Tobacco companies have increased their prices by more than is required by tax changes, undermining the industry's own central argument against increasing taxes on cigarettes.

Lobbyists for cigarette firms have argued against rises in taxes, claiming that they will make their product too expensive, pushing smokers towards fake and illegally imported tobacco.

This, the industry has claimed, actually reduces tax revenues and makes consumers less safe than if they smoke legal tobacco.

But research published on Friday by researchers at the University of Bath and King's College London found tobacco companies regularly increased their prices beyond what has been required by government.

The authors said that this shows that the companies' claim that they are concerned about high prices prompting consumers to switch to the illicit market is questionable.

They suggest that, if this was the driving concern behind calls for lower cigarette taxes, companies would have tried to ensure their own share of tobacco prices was kept low.

However, before 2010 in Britain and Ireland, almost 50 per cent of the total price increase of tobacco problems came from companies themselves, not taxation, the study found.

Between 2010 and 2012, when there were large and unexpected tax increases, industry-driven price changes were small, accounting for 16 per cent and 20 per cent respectively of the price increases in manufactured and RYO tobacco.

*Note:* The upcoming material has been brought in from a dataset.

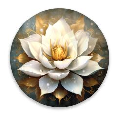 Lotus Çiçeği Yuvarlak Cam Tablo | Hediyelik, Dekoratif, Ofis, Mutfak

But from 2013 to 2015, when tax increases were smaller and planned, a third of the price increase for manufactured cigarettes was industry-driven, rising to nearly half 48 per cent of the price hike for RYO tobacco.

Price rises on cigarettes and roll-your-own tobacco products have gone beyond tax changes even when they have been large and unexpected, according to the study which was funded by the National Institute for Health Research (NIHR).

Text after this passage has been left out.